Я был счастлив подчиниться. Блокпост охраняли около дюжины мужчин, и я не стал бы делать ставку на себя против любого из них.
Мужчина протянул мне руку и сказал:
– Меня зовут Феликс.
Мы обменялись рукопожатиями, и я немного расслабился. Вряд ли человек, который так вежливо представлялся людям, собирался стрелять в них.
– Меня зовут Джон. Это Роб.
– Ты англичанин? – спросил Феликс Роба.
– У нас в отеле есть американцы, англичане, немцы и французы, – ответил Роб, кивнув. – И японская пара с маленькими детьми.
– Около двадцати, говорите?
– Теперь уже меньше.
Феликс повел нас вокруг блокпоста, и за ним я увидел город, выглядевший – по большей части – точно таким, каким мы покинули его несколько месяцев назад, когда ехали на такси из аэропорта в отель. В нем по-прежнему было чисто.

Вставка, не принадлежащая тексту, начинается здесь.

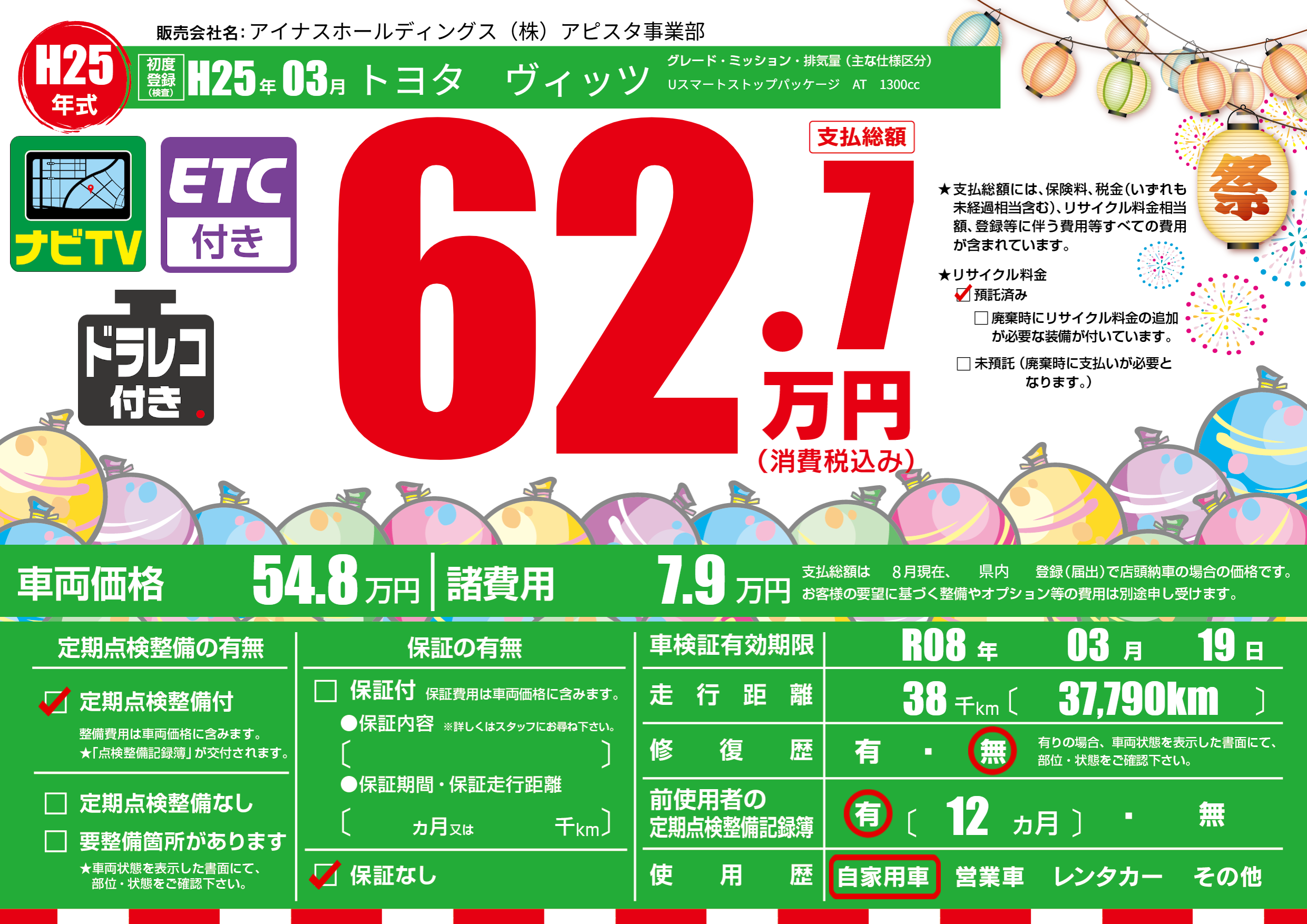| 走行キロ | 3.8万km | 初年度登録 | H25年03月 |
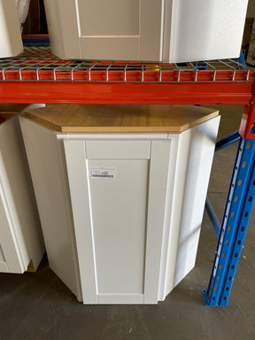 Shaker 24 in. W x 12 in. D x 36 in. H Assembled Diagonal Corner Wall Cabinet in Satin White is backordered and will ship as soon as it is back in stock.
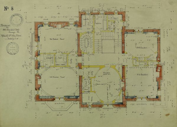 Richard Morris Hunt created this first floor plan for the William Borden Residence in Chicago, likely in the late 19th century. It is composed of architectural precision with delicate lines, a muted palette of orange and yellow hues, and annotations. The plan delineates the layout of a wealthy home, but the linear rendering transcends mere functional representation. The geometric clarity and balance, achieved through the measured arrangement of rooms and corridors, speak to the formal architectural principles that structured Hunt's practice. The warm tones—particularly the orange—accentuate the boundaries of the living spaces, hinting at the materiality of the building's construction, while the pale-yellow tints suggest light and atmosphere. The plan operates as a system of signs, encoding not just spatial relations but also social hierarchies and domestic rituals. The drawing invites us to reflect on how space shapes our lives, imposing order, and inviting new experiences, all through the language of architecture.
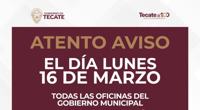 TECATE BC, 13 de marzo de 2026.– El Gobierno de Tecate informa a la ciudadanía que el próximo lunes 16 de marzo todas las oficinas del Gobierno Municipal permanecerán cerradas, con motivo de la conmemoración cívica correspondiente a esta...
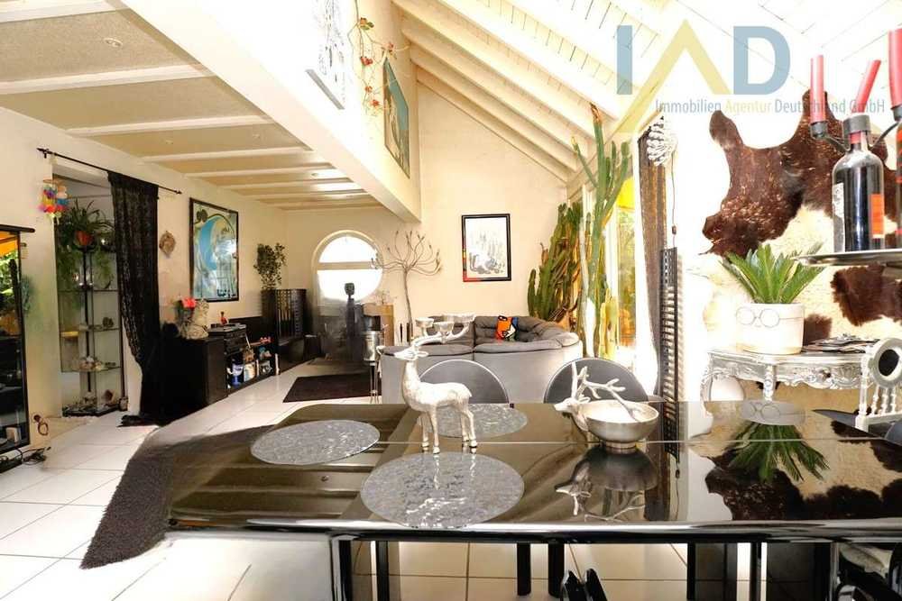 Das helle Wohn- und Esszimmer mit Balkon und Kaminofen-Anschluss sorgt für ein angenehmes Raumgefühl.
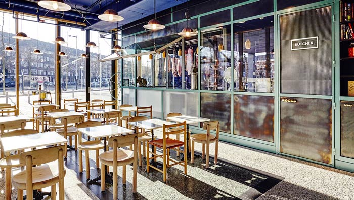 本次為烤肉店裝修設計方案,設計師在設計中,對烤肉店的每一處細節(jié)、每一個設計都追求完美,希望創(chuàng)造一個開放、耐久而又能夠經受住時間考驗的餐廳空間,故此設計師從家具、吧臺、肉品販賣臺、到獨特的照明燈具、瓷磚和銅制的門把手,皆由設計師親手制定采購。
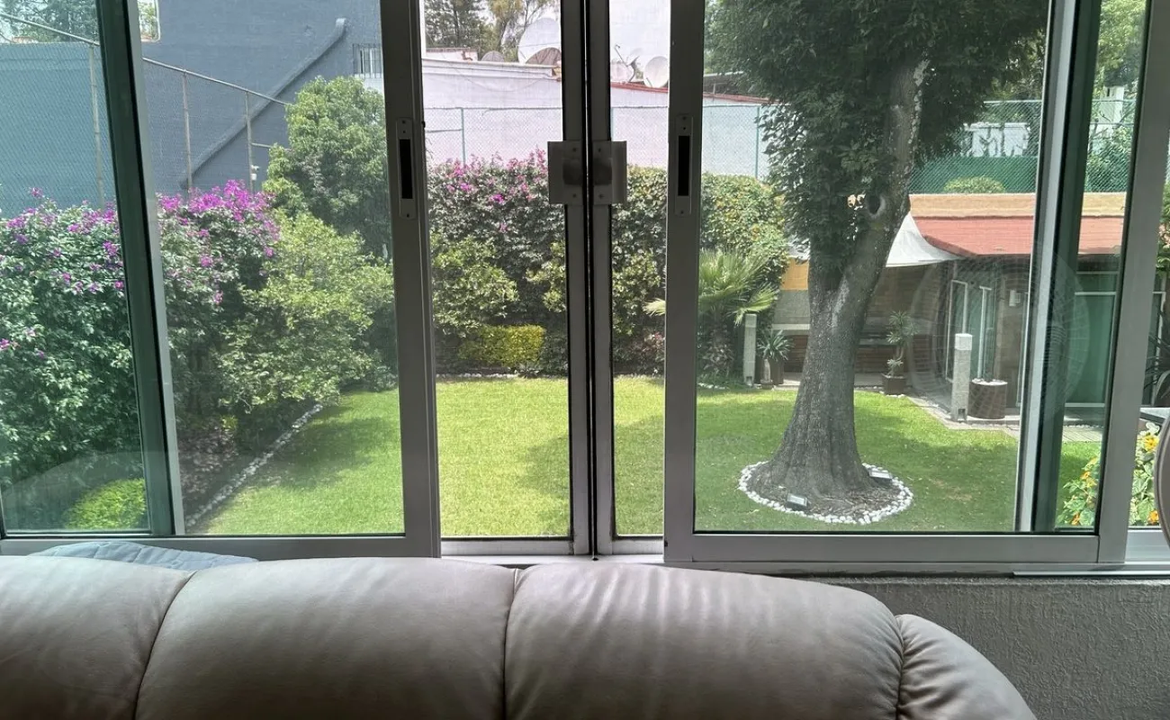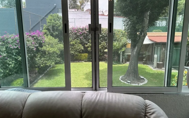 Gran Puerta de seguridad , que aísla el área de televisión con las tres recámaras, área de lavado, en el jardín tiene un cuarto que puede ser bar, oficina, área de juegos que dan a un jardín muy amplio y muy bonito
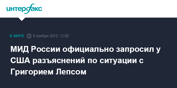 Москва. 8 ноября. INTERFAX.RU - Российский МИД обратился в компетентные органы США с просьбой разъяснить ситуацию вокруг известного певца Григория Лепса, которому запрещен въезд в США и наложен арест на его счета.
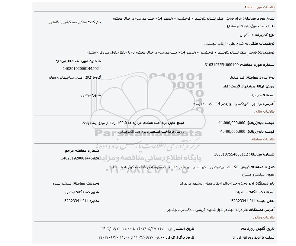 عنوان معامله: فروش ملک نشانی:نوشهر - کوچکسرا - ولیعصر 14 - جنب مدرسه در قبال محکوم به با حفظ حقوق بنیادی و مشاع
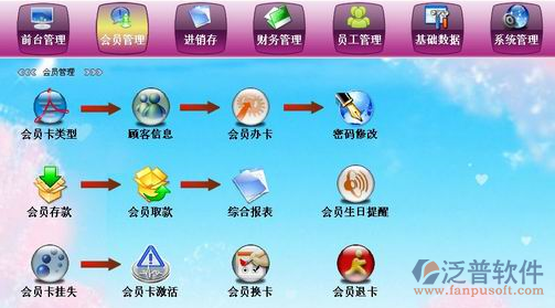 泛普公司對(duì)美容美發(fā)、瘦身健身行業(yè)進(jìn)行了深入的研究后認(rèn)為,美容美發(fā)行業(yè)如何在競(jìng)爭(zhēng)日趨激烈的環(huán)境中把企業(yè)做大做強(qiáng),其中最關(guān)鍵因素之一就是要以顧客為整個(gè)業(yè)務(wù)流程的中心,以財(cái)務(wù)為核心,對(duì)企業(yè)的信息流、資金流、物料流進(jìn)行一體化管理。
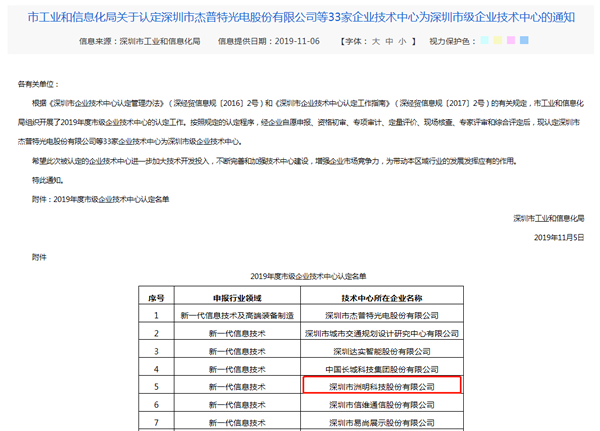 2019年11月7日,深圳市洲明科技股份有限公司被深圳市工業和信息化局認定為2019年度深圳市級企業技術中心。
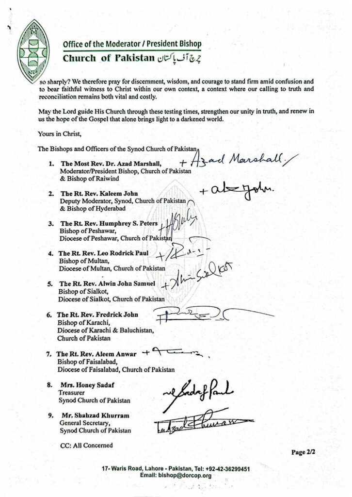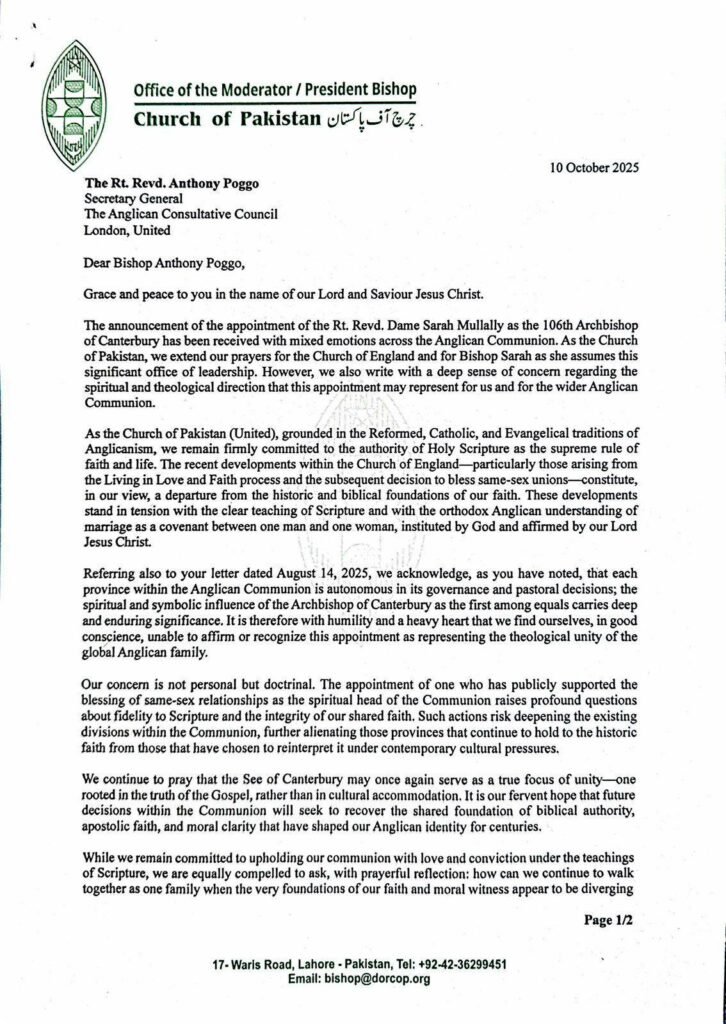 HomeMessagesChurch of Pakistan concerned over Mullally appointment Church of Pakistan concerned over Mullally appointment Messages Published on October 27, 2025 By Azad Marshall FacebookTwitterPinterestWhatsApp Bishops of the Church of Pakistan Please Help Anglican.Ink with a donation. TagsChurch of Pakistan SourceChurch of Pakistan Latest articles Messages SC Standing Committee calls for Inhibition of ++Wood To: The Anglican Diocese of South Carolina Grace, mercy, and peace from God the Father... November 15, 2025 News USPG conference on Anti-Human Trafficking and Modern Slavery held in India United Society Partners in the Gospel (USPG) successfully organised a Global Conference on Anti-Human... November 14, 2025 Messages First letter to the Faithful of the Diocese of the Highveld from the Intervention Task Team First-Communication-by-ITTDownload November 14, 2025 Op-Ed What is the future for complementarians in the CofE? The Bishop of Ebbsfleet, the Right Revd Dr Rob Munro, has written to the... November 14, 2025 Press Releases Archbishops’ Council response to Charity Commission case review Following the publication of the Charity Commission case review on safeguarding improvements, a spokesperson... November 14, 2025 More like this Messages SC Standing Committee calls for Inhibition of ++Wood To: The Anglican Diocese of South Carolina Grace, mercy, and peace from God the Father... November 15, 2025 News USPG conference on Anti-Human Trafficking and Modern Slavery held in India United Society Partners in the Gospel (USPG) successfully organised a Global Conference on Anti-Human... November 14, 2025 Messages First letter to the Faithful of the Diocese of the Highveld from the Intervention Task Team First-Communication-by-ITTDownload November 14, 2025
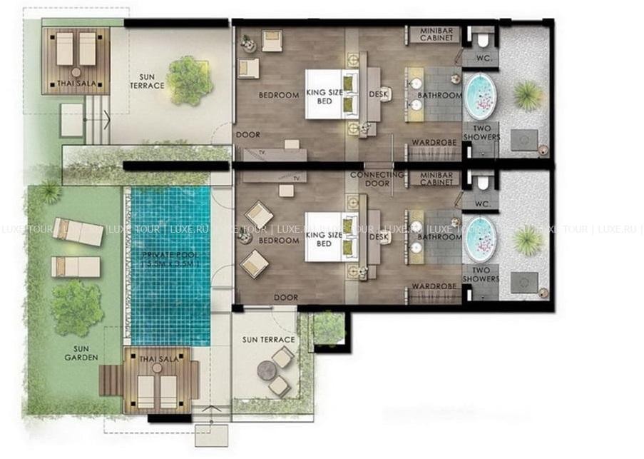 - 215 м2. Состоит из двух спален с кроватями king-size, ванных комнат, меблированной террасы с бассейном, террасы с павильоном для отдыха, собственного сада. Максимальное размещение – 4 человека.

Никаких разрушенных зданий. Единственным существенным отличием, бросавшимся в глаза, были флаги и транспаранты, висевшие на окнах и развевавшиеся в садах. Они виднелись повсюду, некоторые на французском, другие – нет.
Да здравствует Сен-Сион! МИР.
– Раньше город назывался вроде не Сен-Сион? – неуверенно заметил я.
Феликс кивнул:
– Мы переименовали его. Теперь это другой город.
– А что в ратуше? – спросил Роб.
– Наш мэр, – ответил Феликс. – И Городской совет.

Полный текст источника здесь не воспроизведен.